= Theodotus Hemiolius =

Theodotus Hemiolius (in Greek Θεoδoτoς Hμιoλιoς) was a general in the service of king Antiochus III the Great (223-187 BC), who was sent by the king in 222 BC, together with Xenon, against Molon, satrap of Media, who had raised the standard of revolt in the eastern provinces of the Seleucid Empire. However, the two generals were unable to control the rebel satrap and withdrew within the walls of the cities, leaving him in possession of the open country.

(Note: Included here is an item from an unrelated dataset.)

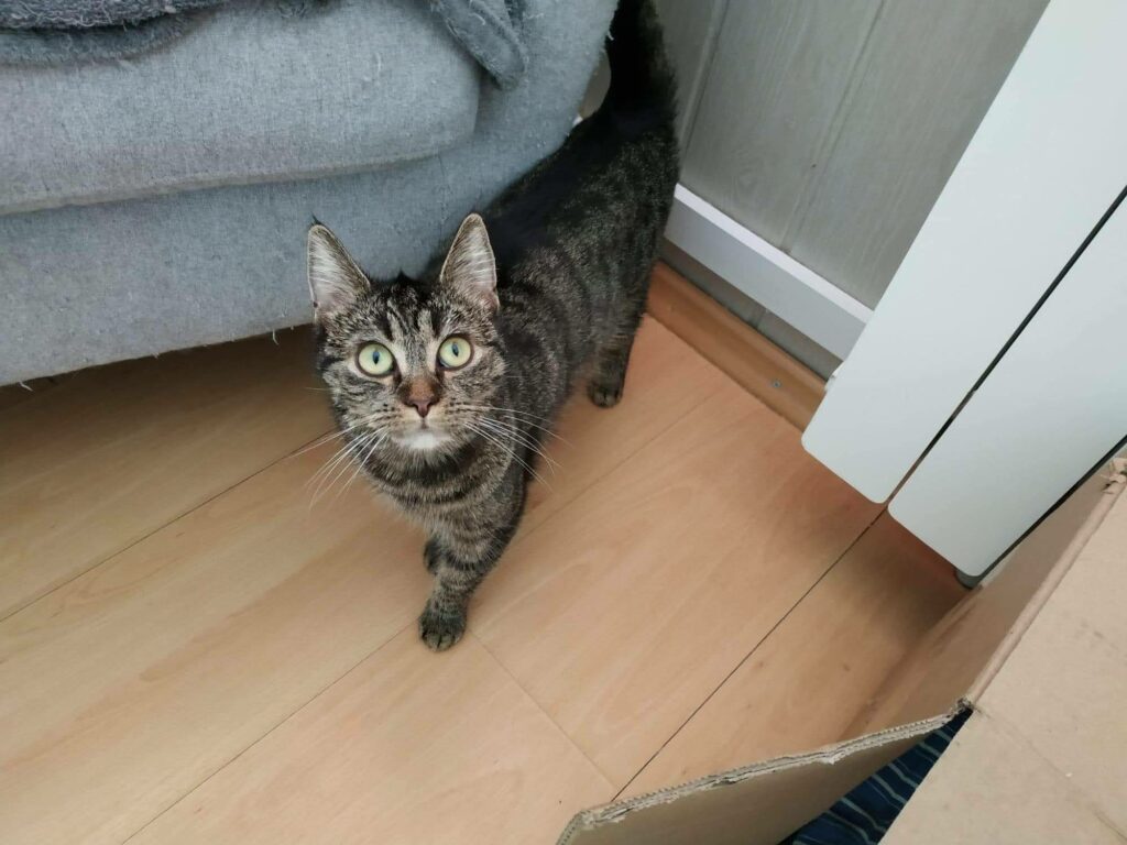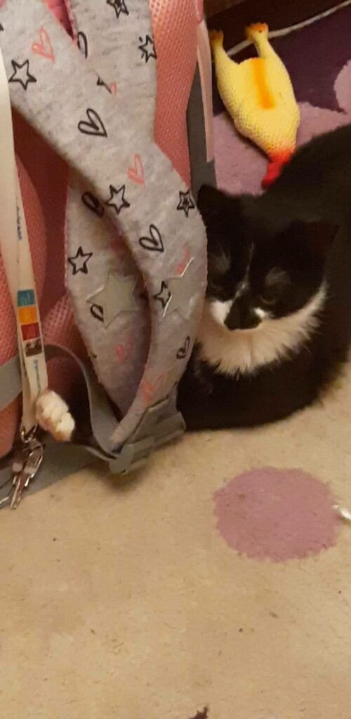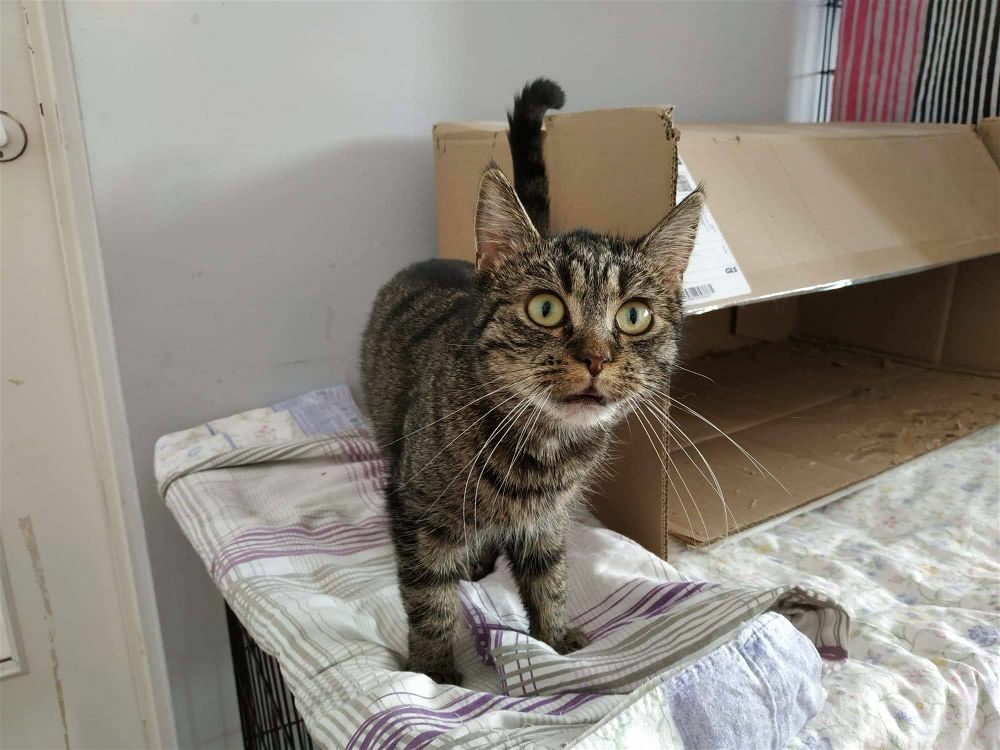 Zaskoczyło nas jak spokojnie reaguje na kennel i inne koty wkoło. Rzadko kiedy koty są zachwycone tuż po przybyciu do kociarni.
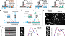 The edge response at the large square marker used to identify the patterned areas in the fluorescence microscope (Fig. 5c) for both WF and SIM, enables extraction of the apparent MTF in both cases and, for SIM, also for the various combinations of w and \(\beta\) (Fig. 5d). For SIM, the MTF is clearly extending to higher spatial frequencies. Also the artefacts for non-optimal values of w and \(\beta\) are apparent in the MTF curves. We note that all SIM reconstructions display a similar overshoot in the low frequency regime, which may be due to a higher density of fluorescent molecules close to the edge. This could for instance occur as a result of proximity exposure. On writing a dense structure like the marker, proximity will effectively increase the dose deposited at each pixel. In conducting a dose series on an array of squares, we observed an optimal dose for functionalization beyond which the affinity for antibody labelling decreases and is ultimately inhibited (Supplemental Fig. S1). Thus, as our procedure was optimized for writing ~ 80 nm wide lines and small structures, proximity may cause the edge of a dense structure to exhibit higher binding affinity than the centre. The brighter edge of the Sky and Water I pattern could also be a result of this (Fig. 3c,f). This means that a further extension to more complex shapes or to even smaller feature size should include a calibration or estimation of proximity exposure in order to correct on a pixel-by pixel basis based on the aimed-for pattern dimensions similar to procedures in electron beam lithography.

After the later and final defeat of Molon by Antiochus, Theodotus was selected by that monarch to take the command in Coele-Syria, while Antiochus undertook to reduce Seleucia on the Tigris. What Theodotus accomplished is not known, but the next year (219 BC) he was serving under the immediate command of Antiochus and bearing an important share in the action against Nicolaus, one of the generals of Ptolemy IV Philopator (221-204 BC), near Porphyreon, as well as shortly after at the siege of Rabbatamana. On both these occasions he was associated with Nicarchus, with whom he also shared command of the phalanx during the Battle of Raphia, 217 BC. After that major defeat he was chosen by Antiochus as one of the ambassadors whom he sent to Ptolemy to sue for peace.